In reading scientific studies of running biomechanics I see this often – a study will demonstrate a pattern, such as that a particular shoe design reduces ground impact loading rate (how rapidly the foot impacts the ground), but when you look at the variation among subjects it falls out over a fairly wide range. In other words, the results are non-systematic, and the individual gets swamped by the general trend. However, that doesn’t mean that the outlying individual who does not exhibit reduced impact loading rate in the shoe, or who might even exhibit increased loading rate, is unimportant. Individuals that don’t follow the general trend don’t want to get hurt either and would not benefit from following the advice suggested by the data – this is why scientists are often bad at making concrete statements, and why I always hesitate to do so on this blog. We tend to hedge and qualify statements by saying that our data “suggest” a given pattern, or that a “significant effect” was found. We rarely “prove” anything. I’m not saying this is bad, it’s just reality.
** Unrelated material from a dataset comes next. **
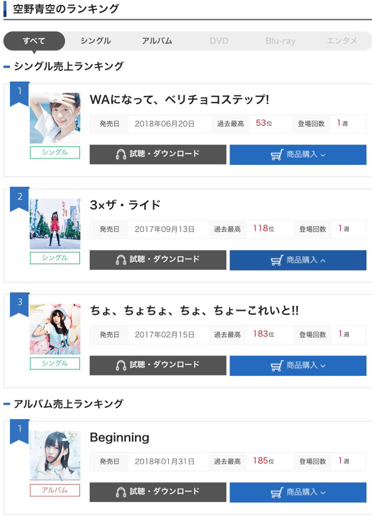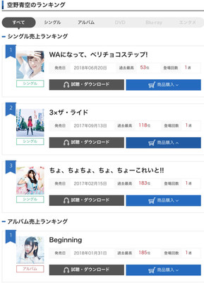 空野さんの4thシングル「WAになって、ベリチョコステップ!」を含む過去作品のランキングページが更新されました。

As a scientist I believe strongly in the value of controlled experimentation, but I also believe that we need to constantly keep in mind its limitations. Neglect of the individual in favor of the overall trend is one of them. Humans are variable, we are not machines, and we shouldn’t be treated like them. Science can be a very useful guide, but rarely does it provide absolute, definitive answers. It’s very hard to know in a black-and-white way what the effect of any shoe design, form change, or training method will be for any given person. This is the reason why scientifically informed, yet careful and open minded self-experimentation is perhaps ultimately the only thing that can truly work on an individual level.